Collected data entries
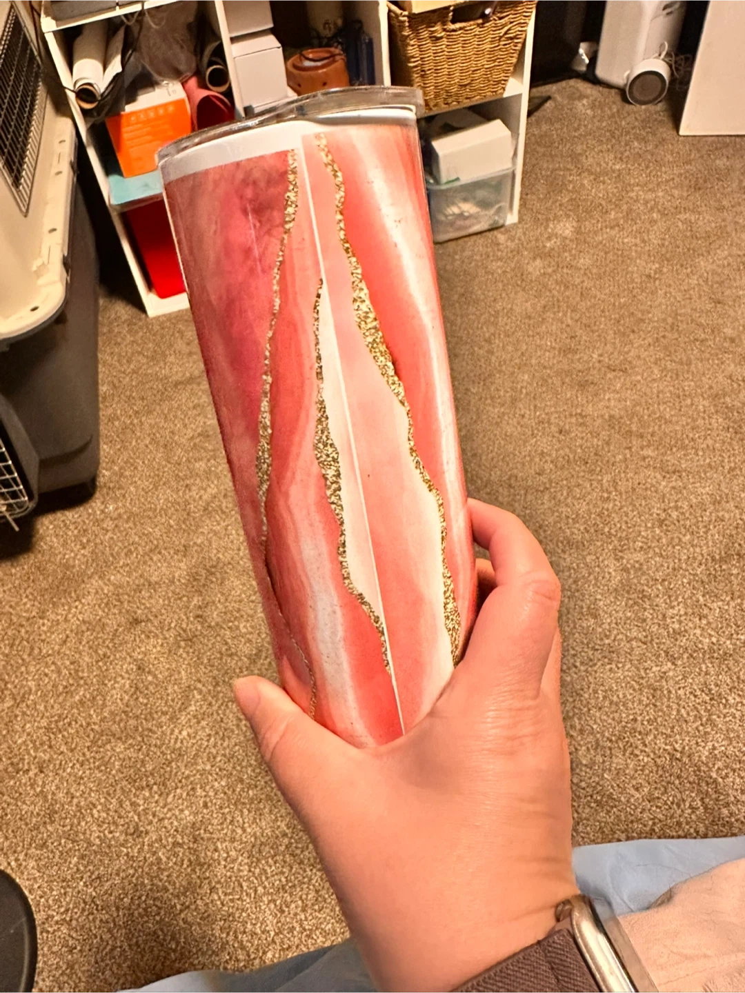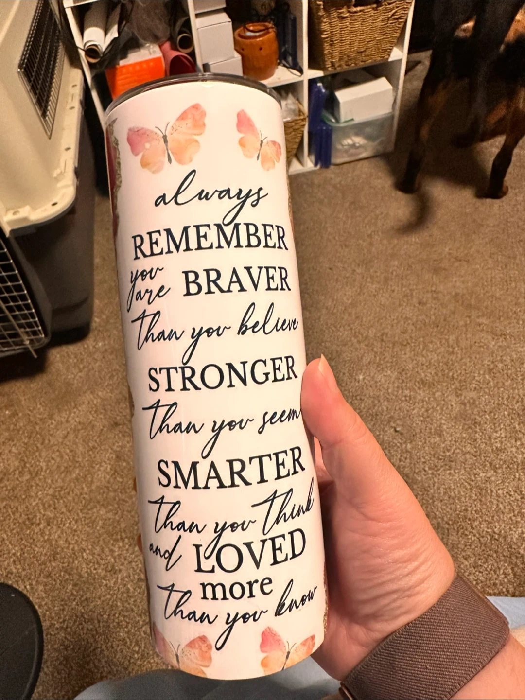 I'm selling a customized tumbler with a motivational quote and butterfly design. It's in great condition and ready for a new home!
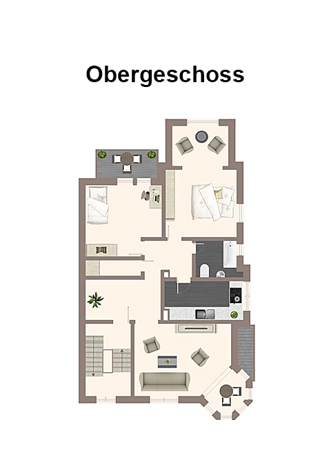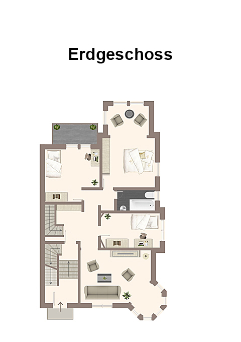 - Außenflächen: Balkone im Erd- und Obergeschoss, eine sonnige Terrasse sowie ein gepflegter Garten
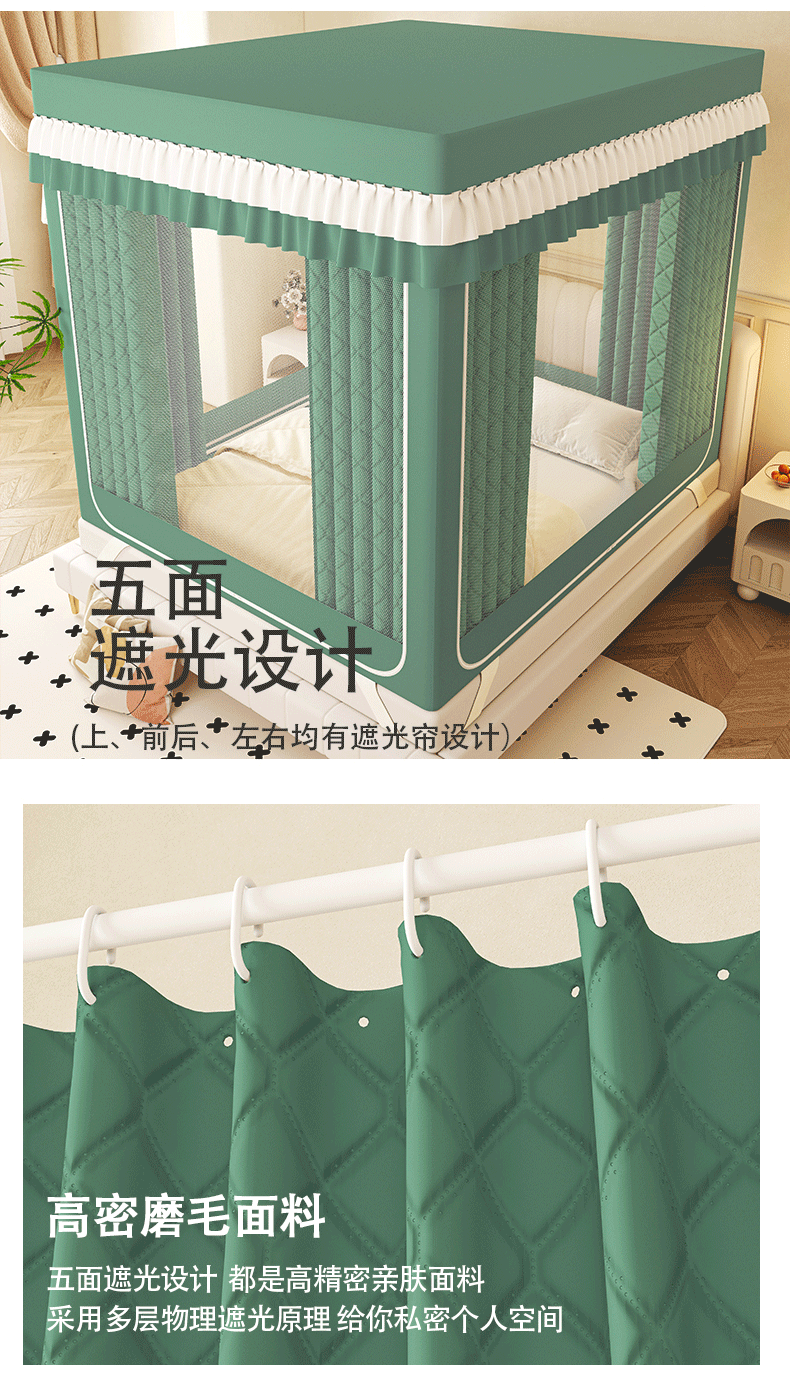 2025新款2519款纯色植绒环保五面强遮光双轨铝合金学生导轨蚊帐
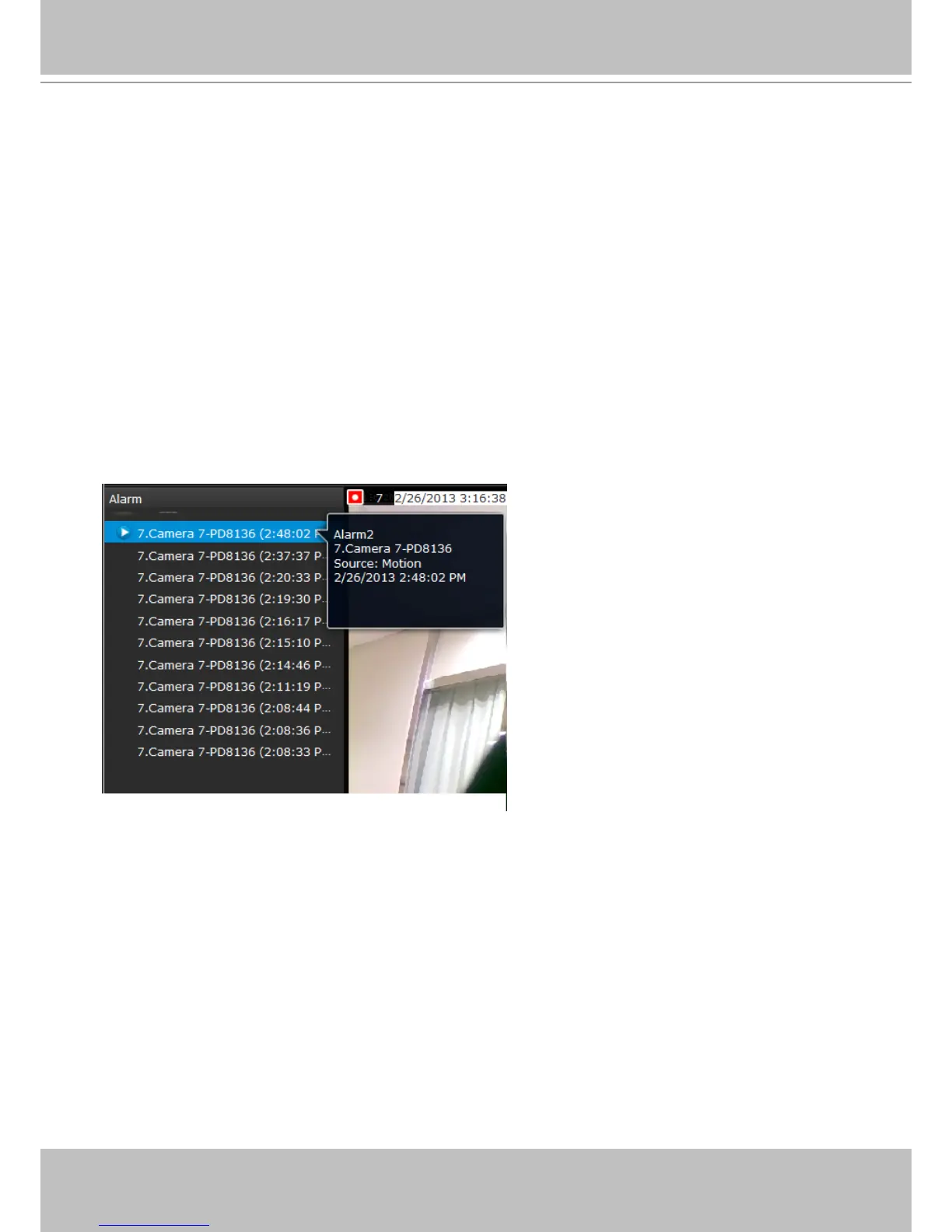 To receive alarms from cameras, you need to congure alarm triggers in the Settings > Alarm
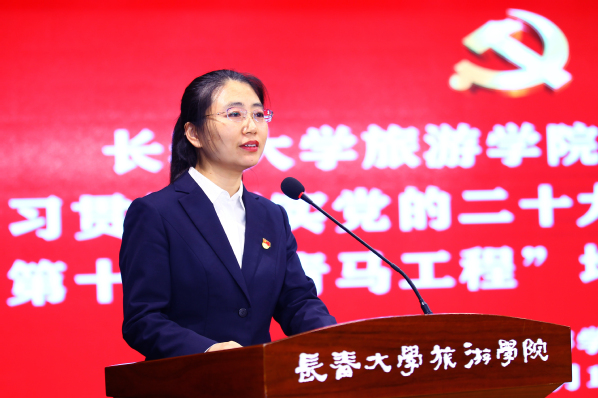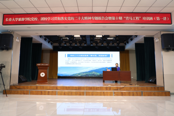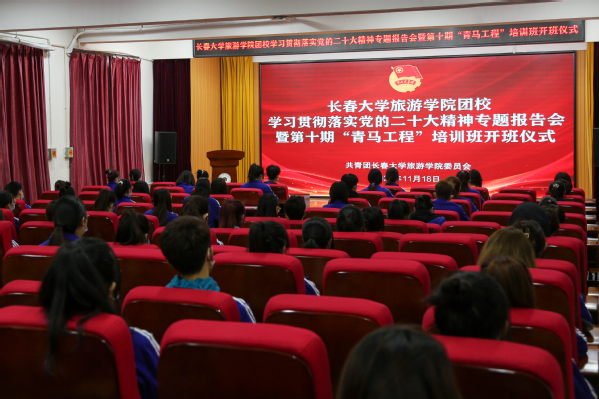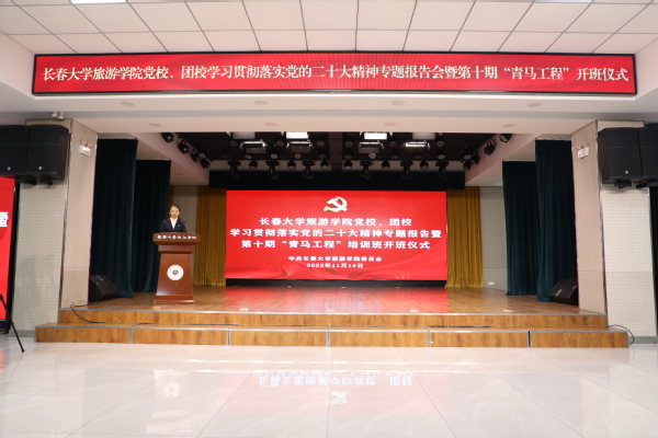 为深入学习宣传贯彻党的二十大精神,推动党的二十大精神在长旅深入基层、深入学生、深入人心,切实把全校广大青年学生的思想和行动统一到党的二十大精神上来。11月18日,学校党校、团校学习贯彻落实党的二十大精神报告会暨第十期“青马工程”培训班开班仪式在大学生活动中心举行。团中央党的二十大讲师团成员、吉林省超凡梦想公益基金会理事长张超凡为学校青年学生宣讲党的二十大精神。学校党委书记(督导专员)范琳琳、党委副书记程越出席活动。相关部门负责人,马克思主义学院院长,各学院党总支书记、团委书记参加活动。学校党校、团校部分学员,第十期“青马工程”培训班学员及各学院主要团学干部近1000人在主会场和7个分会场通过线上线下相结合的方式聆听报告。仪式由党委组织部部长孙野主持。
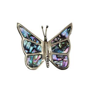 Vintage - Sterling Silver Mexico Butterfly Brooch Pin Abalone Inlay
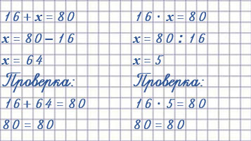 = 80 неизвестно слагаемое, находится вычитанием, в уравнении 16 •
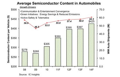據(jù)預(yù)計,汽車上裝備的半導(dǎo)體器件份額從2010年到2014年將以年均9%的速度增長,到2014年,平均每輛汽車上安裝的半導(dǎo)體設(shè)備的價值將提升到425美元左右。而驅(qū)動這種增長的則主要是通信應(yīng)用,娛樂類應(yīng)用,安全類應(yīng)用,遠程控制類應(yīng)用以及環(huán)保類應(yīng)用。
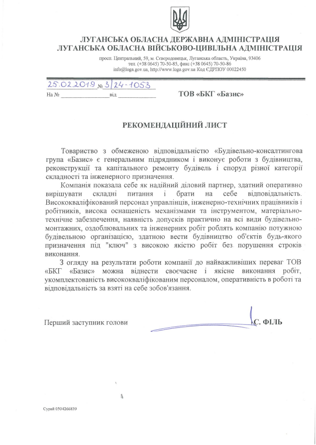 Для проведення діяльності та участі у державних замовленнях з будівництва об’єктів з особливим режимом, ТОВ "БКГ "БАЗИС", відповідно до Закону України «Про державну таємницю» створено РСО та отримано дозвіл на здійснення діяльності, пов’язаної з державною таємницею виданий СЛУЖБОЮ БЕЗПЕКИ УКРАЇНИ
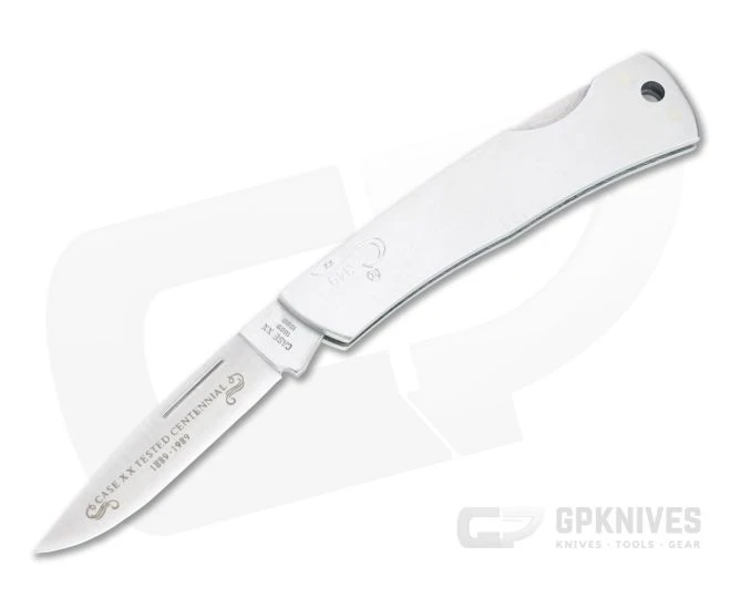 This slim vintage 1989 Case XX Centennial Lockback has brushed stainless steel handles and satin finished stainless steel blade with “Case XX Tested Centennial 1889-1989” etch. Knife only.
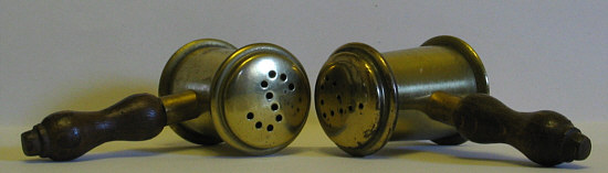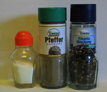Die Salz- und Pfefferstreuer der Seelenfärbler. Ist ja der Wahnsinn ... über 60 haben mitgemacht und mir ihre Salzstreuer etc. geschickt. Per Mail natürlich, nicht als Päckchen *gg*. Aber ich fange mal mit mir an ... ich kann ja nicht nur "schickt mir" rufen und selbst nicht salzen und pfeffern. Der Pfeffer ... da haben wir zwei Möglichkeiten. ![]() Das ganz normale Glas, wie es im Geschäft stand und nun bei uns zu finden ist. Diesen Pfeffer benutze ich nicht, aber Beate. ![]() Die ganz normale Mühle, wie sie im Geschäft stand und nun ... ich wiederhole mich ;)). Wird von uns beiden benutzt. Aber das Salz ... das wird gestreut: ![]() Ein alter, aber zeitloser Salzstreuer, den ich sehr mag, weil er kleine Löcher hat und sehr gut zu dosieren ist. Der ganz normale Alltag eben. Den Gedanken an eine Salz- und Pfefferstreuerkollektion hatte ich ja schon länger, so mancher erinnert sich vielleicht an einen entsprechende Umfrage (vor einigen Monaten) im Lichtblick. Immer mal wieder dachte ich dran ... dann vergaß ichs wieder. Doch eines Tages fand ich das da ... ![]() ... beim Aufräumen. Nein, das sind keine Teekocher oder Gerichtshämmer. Das sind wirklich ... ![]() ... Salz- und Pfefferstreuer. Mit Stiel. Auch mit Stil ? Darüber kann man streiten ;)). Aber es gab ja mal eine Zeit, da war Messing angesagt. Zu den Beiden gehört noch etwas dazu: ![]() Richtig stehen sie, wenn sie erhöht stehen. So ein bißchen altenglisch-erwürdig ;)). ![]() Das waren jetzt meine Streuer ... und beim nächsten Mal kommen Eure dran. Ich hätte ja an alles gedacht, nur nicht an diese Menge und Vielfalt. Ja, wir haben sogar einen Sammler von solchen Dingen dabei. Vorfreut Euch auf viele kleine Löcher mit Streuern drumherum :)). -- Vorfreut Euch auch ... auf Dalusewi Für alle, die nicht regelmäßig in den Lichtblick schauen: Dalusewi heißt: das lustige Seelenfarbenwichteln. 74 Anmeldungen haben wir bereits und noch drei Tage lang kann man sich anmelden. Ich denke, das werden auch noch einige tun, denn was gibt es Schöneres, Lustigeres, Spannenderes als das gemeinsame Auspacken ? Es ist zwar auch schön, wenn man nur zuschaut, aber nicht ganz so schön eben ;). Wer sich also noch nicht angemeldet und jetzt Appetit bekommen hat, der schaue einfach mal in den Lichtblick. Neben dem Wichteln sind dort übrigens viele weitere Rubriken zu finden, jede auf ihre Weise anklickenswert :). |
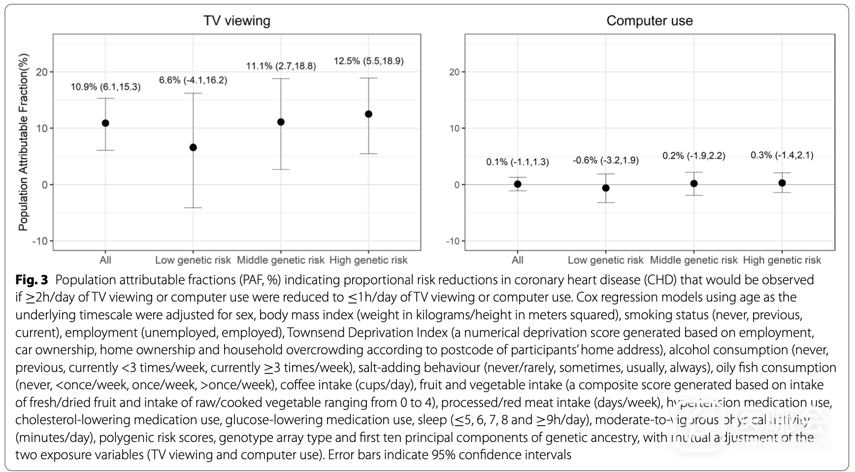 假定存在因果关系的情况下,如果看电视的时间从≥2小时/天减少到≤1小时/天,可以避免10.9%(95%CI 6.1-15.3%)的冠心病发生。
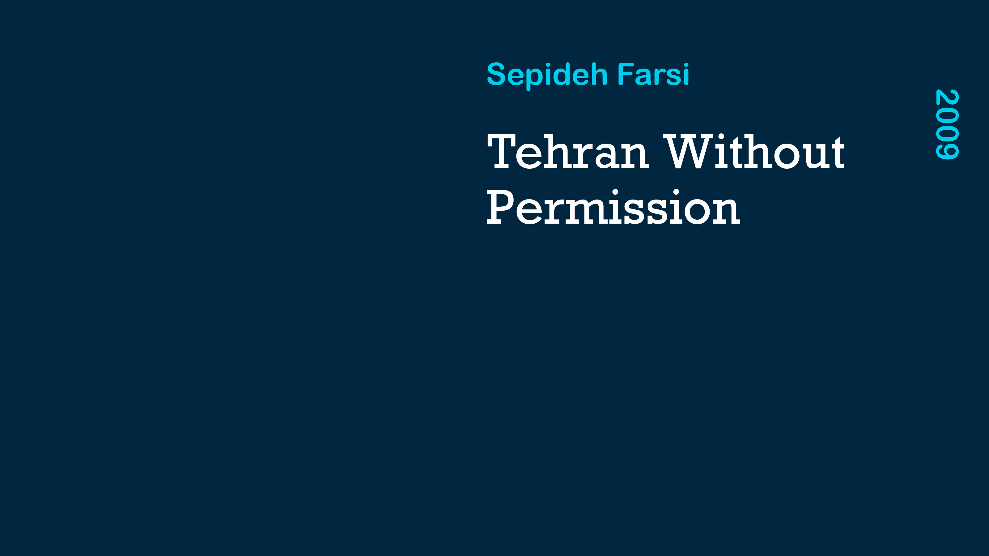 Sepideh Farsi left Tehran in her teens, yet has always remained under the spell of Iran’s lively capital. In ‘Tehran Without Permission’, Farsi creates a collage-style portrait of a city in flux. Via a mixture of characters and cityscapes, Farsi’s covert filming reveals a city beset with social and political tensions, yet held aloft by the indomitable spirit and character of its population.

### [Task description]
Verbatim repeat, images removed: give each entry again exactly as it reads.

### [Exercise response]
 I'm selling a customized tumbler with a motivational quote and butterfly design. It's in great condition and ready for a new home!
 - Außenflächen: Balkone im Erd- und Obergeschoss, eine sonnige Terrasse sowie ein gepflegter Garten
 2025新款2519款纯色植绒环保五面强遮光双轨铝合金学生导轨蚊帐
 To receive alarms from cameras, you need to congure alarm triggers in the Settings > Alarm
 为深入学习宣传贯彻党的二十大精神,推动党的二十大精神在长旅深入基层、深入学生、深入人心,切实把全校广大青年学生的思想和行动统一到党的二十大精神上来。11月18日,学校党校、团校学习贯彻落实党的二十大精神报告会暨第十期“青马工程”培训班开班仪式在大学生活动中心举行。团中央党的二十大讲师团成员、吉林省超凡梦想公益基金会理事长张超凡为学校青年学生宣讲党的二十大精神。学校党委书记(督导专员)范琳琳、党委副书记程越出席活动。相关部门负责人,马克思主义学院院长,各学院党总支书记、团委书记参加活动。学校党校、团校部分学员,第十期“青马工程”培训班学员及各学院主要团学干部近1000人在主会场和7个分会场通过线上线下相结合的方式聆听报告。仪式由党委组织部部长孙野主持。
 Vintage - Sterling Silver Mexico Butterfly Brooch Pin Abalone Inlay
 = 80 неизвестно слагаемое, находится вычитанием, в уравнении 16 •
據(jù)預(yù)計,汽車上裝備的半導(dǎo)體器件份額從2010年到2014年將以年均9%的速度增長,到2014年,平均每輛汽車上安裝的半導(dǎo)體設(shè)備的價值將提升到425美元左右。而驅(qū)動這種增長的則主要是通信應(yīng)用,娛樂類應(yīng)用,安全類應(yīng)用,遠程控制類應(yīng)用以及環(huán)保類應(yīng)用。
 Для проведення діяльності та участі у державних замовленнях з будівництва об’єктів з особливим режимом, ТОВ "БКГ "БАЗИС", відповідно до Закону України «Про державну таємницю» створено РСО та отримано дозвіл на здійснення діяльності, пов’язаної з державною таємницею виданий СЛУЖБОЮ БЕЗПЕКИ УКРАЇНИ
 This slim vintage 1989 Case XX Centennial Lockback has brushed stainless steel handles and satin finished stainless steel blade with “Case XX Tested Centennial 1889-1989” etch. Knife only.
Die Salz- und Pfefferstreuer der Seelenfärbler. Ist ja der Wahnsinn ... über 60 haben mitgemacht und mir ihre Salzstreuer etc. geschickt. Per Mail natürlich, nicht als Päckchen *gg*. Aber ich fange mal mit mir an ... ich kann ja nicht nur "schickt mir" rufen und selbst nicht salzen und pfeffern. Der Pfeffer ... da haben wir zwei Möglichkeiten. ![]() Das ganz normale Glas, wie es im Geschäft stand und nun bei uns zu finden ist. Diesen Pfeffer benutze ich nicht, aber Beate. ![]() Die ganz normale Mühle, wie sie im Geschäft stand und nun ... ich wiederhole mich ;)). Wird von uns beiden benutzt. Aber das Salz ... das wird gestreut: ![]() Ein alter, aber zeitloser Salzstreuer, den ich sehr mag, weil er kleine Löcher hat und sehr gut zu dosieren ist. Der ganz normale Alltag eben. Den Gedanken an eine Salz- und Pfefferstreuerkollektion hatte ich ja schon länger, so mancher erinnert sich vielleicht an einen entsprechende Umfrage (vor einigen Monaten) im Lichtblick. Immer mal wieder dachte ich dran ... dann vergaß ichs wieder. Doch eines Tages fand ich das da ... ![]() ... beim Aufräumen. Nein, das sind keine Teekocher oder Gerichtshämmer. Das sind wirklich ... ![]() ... Salz- und Pfefferstreuer. Mit Stiel. Auch mit Stil ? Darüber kann man streiten ;)). Aber es gab ja mal eine Zeit, da war Messing angesagt. Zu den Beiden gehört noch etwas dazu: ![]() Richtig stehen sie, wenn sie erhöht stehen. So ein bißchen altenglisch-erwürdig ;)). ![]() Das waren jetzt meine Streuer ... und beim nächsten Mal kommen Eure dran. Ich hätte ja an alles gedacht, nur nicht an diese Menge und Vielfalt. Ja, wir haben sogar einen Sammler von solchen Dingen dabei. Vorfreut Euch auf viele kleine Löcher mit Streuern drumherum :)). -- Vorfreut Euch auch ... auf Dalusewi Für alle, die nicht regelmäßig in den Lichtblick schauen: Dalusewi heißt: das lustige Seelenfarbenwichteln. 74 Anmeldungen haben wir bereits und noch drei Tage lang kann man sich anmelden. Ich denke, das werden auch noch einige tun, denn was gibt es Schöneres, Lustigeres, Spannenderes als das gemeinsame Auspacken ? Es ist zwar auch schön, wenn man nur zuschaut, aber nicht ganz so schön eben ;). Wer sich also noch nicht angemeldet und jetzt Appetit bekommen hat, der schaue einfach mal in den Lichtblick. Neben dem Wichteln sind dort übrigens viele weitere Rubriken zu finden, jede auf ihre Weise anklickenswert :). |
 假定存在因果关系的情况下,如果看电视的时间从≥2小时/天减少到≤1小时/天,可以避免10.9%(95%CI 6.1-15.3%)的冠心病发生。
 Sepideh Farsi left Tehran in her teens, yet has always remained under the spell of Iran’s lively capital. In ‘Tehran Without Permission’, Farsi creates a collage-style portrait of a city in flux. Via a mixture of characters and cityscapes, Farsi’s covert filming reveals a city beset with social and political tensions, yet held aloft by the indomitable spirit and character of its population.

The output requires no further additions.